My last lesson in presence was five years ago. I had just lost my 17-year-old sister, Chantal, in a car accident. After many evenings spent nursing myself on the couch with Grey’s Anatomy reruns and BBQ potato chips, I found myself at a dance class. I stumbled awkwardly through the routine, but that didn’t matter. I had found a moment of joy, a moment of presence. A break from my own head. As I write this letter, it is the eve of what would be Chantal’s 23rd birthday, and I’ve just had another lesson in presence.
My side hustle recently became my main hustle. I quit my full-time job and propelled myself full speed into the launch of Vancouver’s Formation Studio with the mission of helping others find presence through dance movement, just as I had in the depths of my grief.
The change to being a full-time entrepreneur has provided a new perspective on presence in the context of how I move through my day.
Before, I often found myself working frantically with a head full of thoughts, commitments, and priorities to juggle. My mind would jump to the tasks ahead of me before I was finished with the task at hand. It would feel like I was sucking at one thing and then before I was finished I would change directions and start sucking at the next thing on my list. I hadn’t yet realized that doing the most didn’t necessarily equal my best.
But at the end of my first day as a full-time entrepreneur, I realized that while tactically much of my day was the same, I was now fully present and focused on just one task at a time. This presence is what I had been missing. I was so caught up trying not to let anyone down that I couldn’t be present with my tasks.
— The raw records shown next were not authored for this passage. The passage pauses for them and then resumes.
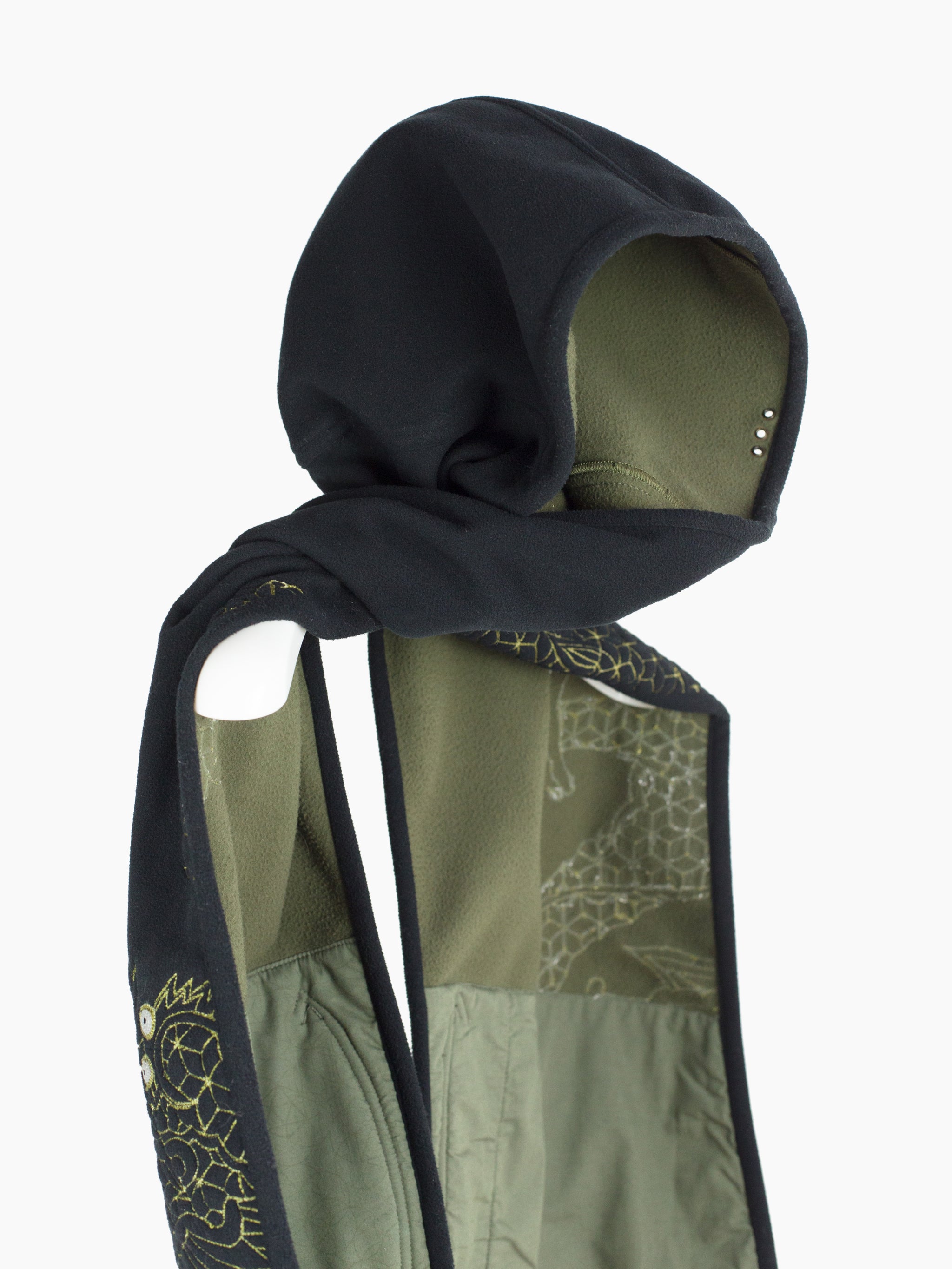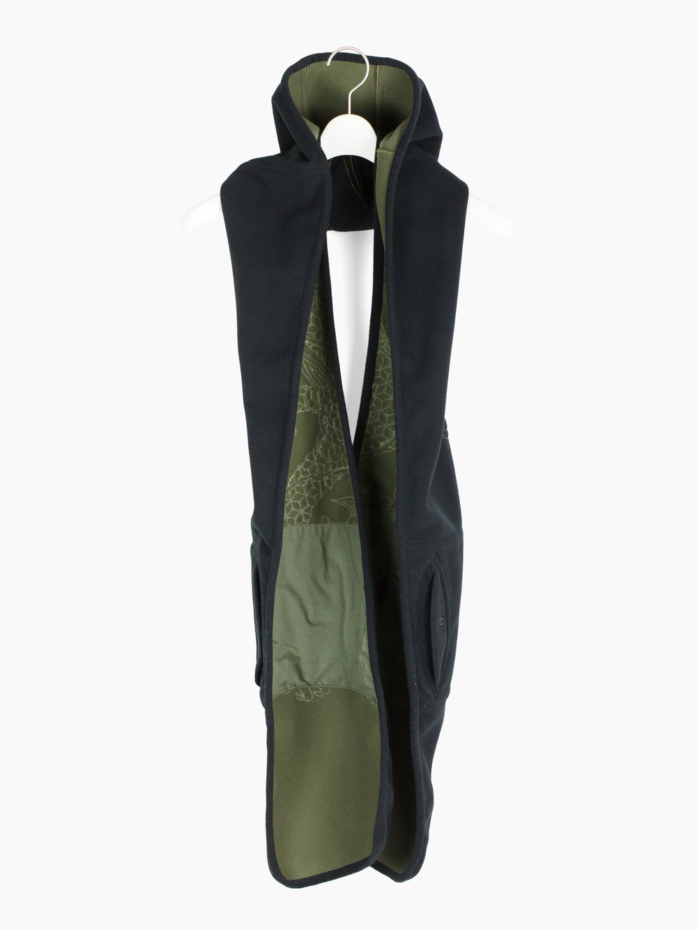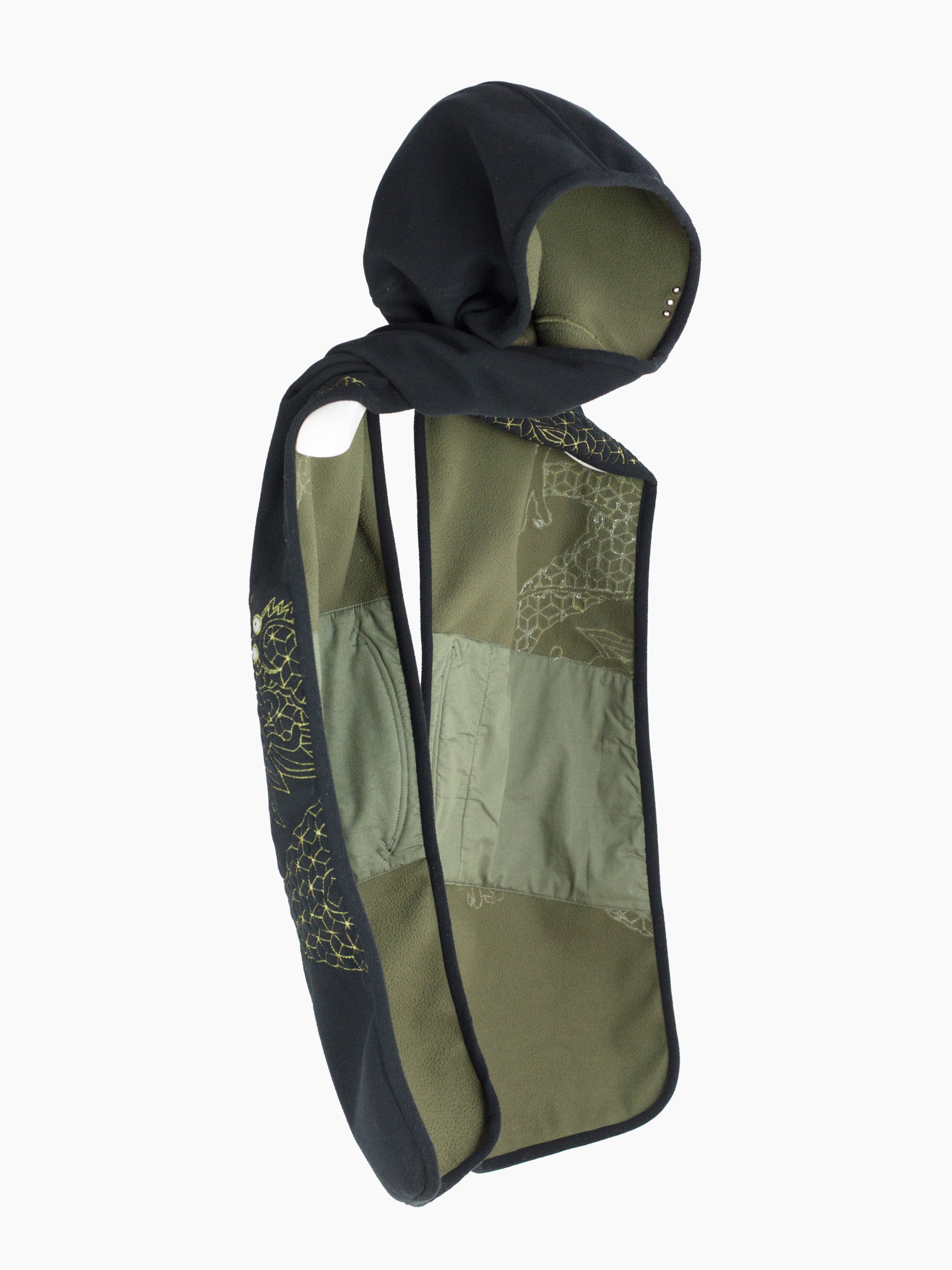 Dense polar fleece hooded scarf accessory from Maharishi with two-tone olive/black front to back design and signature dragon embroidery that comes together when the two scarf tails cross cross. It features an articulated/shaped hood and snap-closed handwarmer pockets on each side. The piece can be worn and layered in a multitude of ways and perfectly balances the functional and ornamental.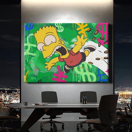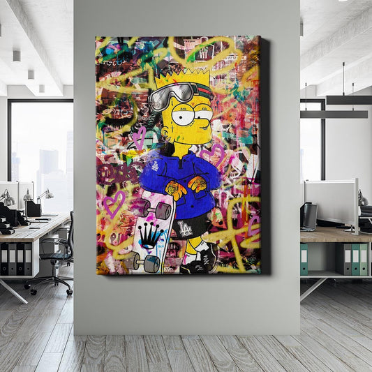 Normaler Preis Von 69,90 €Normaler PreisStückpreis / proVerkaufspreis Von 69,90 €Ein rebellisches Street-Art-Kunstwerk, das Bart Simpson in einem urbanen, hip-hop-inspirierten Look zeigt. Mit Designer-Outfit, Tattoos und einem Skateboard in der Hand strahlt er pure Coolness aus, während der Graffiti-Hintergrund das Bild zu einem energiegeladenen Hingucker macht. Perfekt für Fans von Popkultur, Streetwear und urbaner Kunst.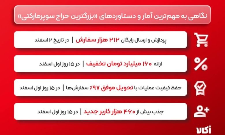 اُکالا در کمپین «بزرگترین حراج آنلاین سوپرمارکتی»، کالاهای سوپرمارکتی متنوعی با تخفیفهایی تا ۷۰ درصد و با ارسال رایگان را…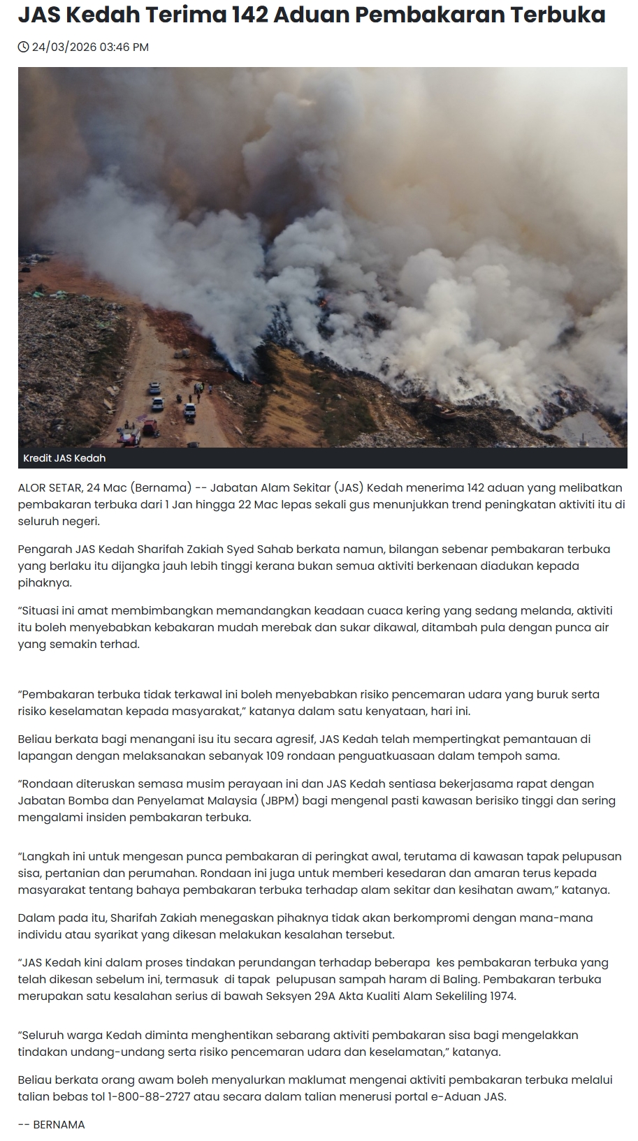 JAS KEDAH TERIMA 142 ADUAN PEMBAKARAN TERBUKA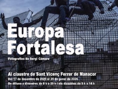L’Ajuntament de Manacor impulsa l’exposició “Europa Fortalesa” per promoure la reflexió crítica sobre les migracions. El Claustre de Sant Vicenç Ferrer acollirà aquest dijous 18 de desembre a les 18 h una visita guiada a l’exposició Europa Fortalesa, del fotoperiodista i documentalista Sergi Cámara. La iniciativa, organitzada per l’Ajuntament de Manacor, s’adreça especialment al públic jove i té com a objectiu apropar la realitat de les migracions contemporànies i fomentar la reflexió sobre els drets humans a les fronteres europees. L'exposició es podrà visitar del 17 de desembre al 25 de gener al Claustre de Sant Vicenç Ferrer, de dilluns a divendres de 8 h a 20 h i els dissabtes de 9 h a 14 h.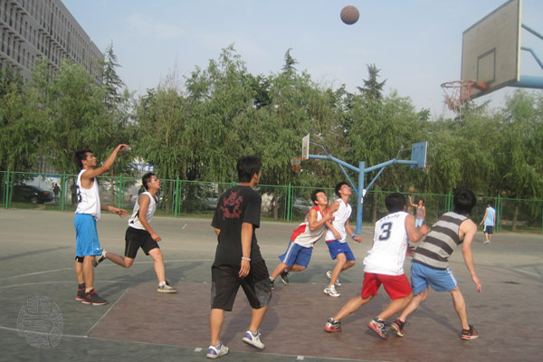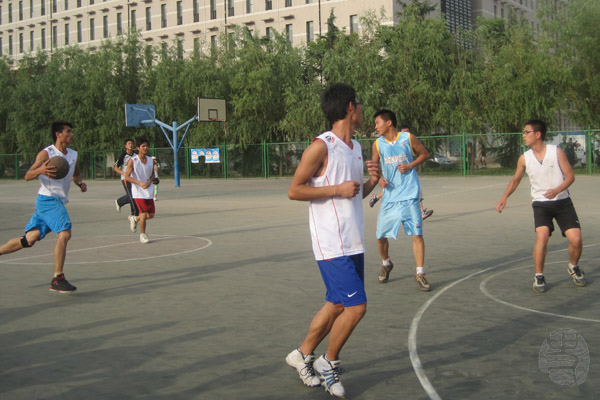 6月8日下午5点30,太阳成集团tyc33455男子篮球队在田径场参加了“欢送杯”篮球赛小组赛第三轮比赛。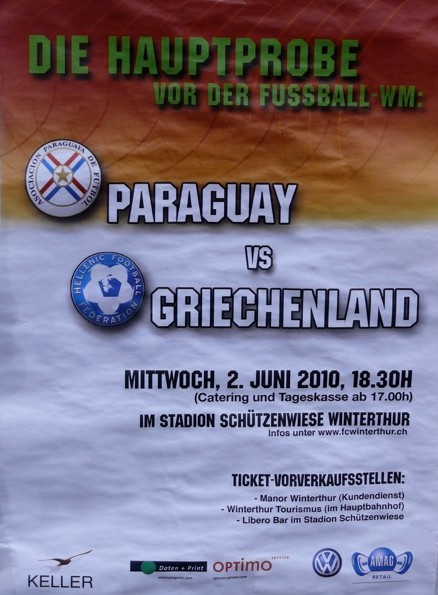 Mittwoch, 2. Juni 2010, 18.30 mitteleuropäische Zeit, Anpfiff auf der Schützenwiese Winterthur. Der Europameister 2004, Griechenland, und die drittbestplatzierte Fussballmannschaft aus Lateinamerika, Paraguay, spielen ihr letztes Freundschaftsspiel – knapp 10 Tage vor WM Start in Südafrika.

Moving our bodies often provides a pocket of time where we are focused solely on the moment we’re in. For me, dance is where my mind and body align as soon as the music plays. But there is tremendous power in moving through our entire lives with this sense of presence. All of our task lists are seemingly never ending. But if we can live in each moment for as long as we need to before we move on, it allows us to be present with what we are doing. At the end of the day, we fall asleep exhausted but fulfilled; we’ve given each person we’ve interacted with and each task we’ve tackled the full attention it deserved.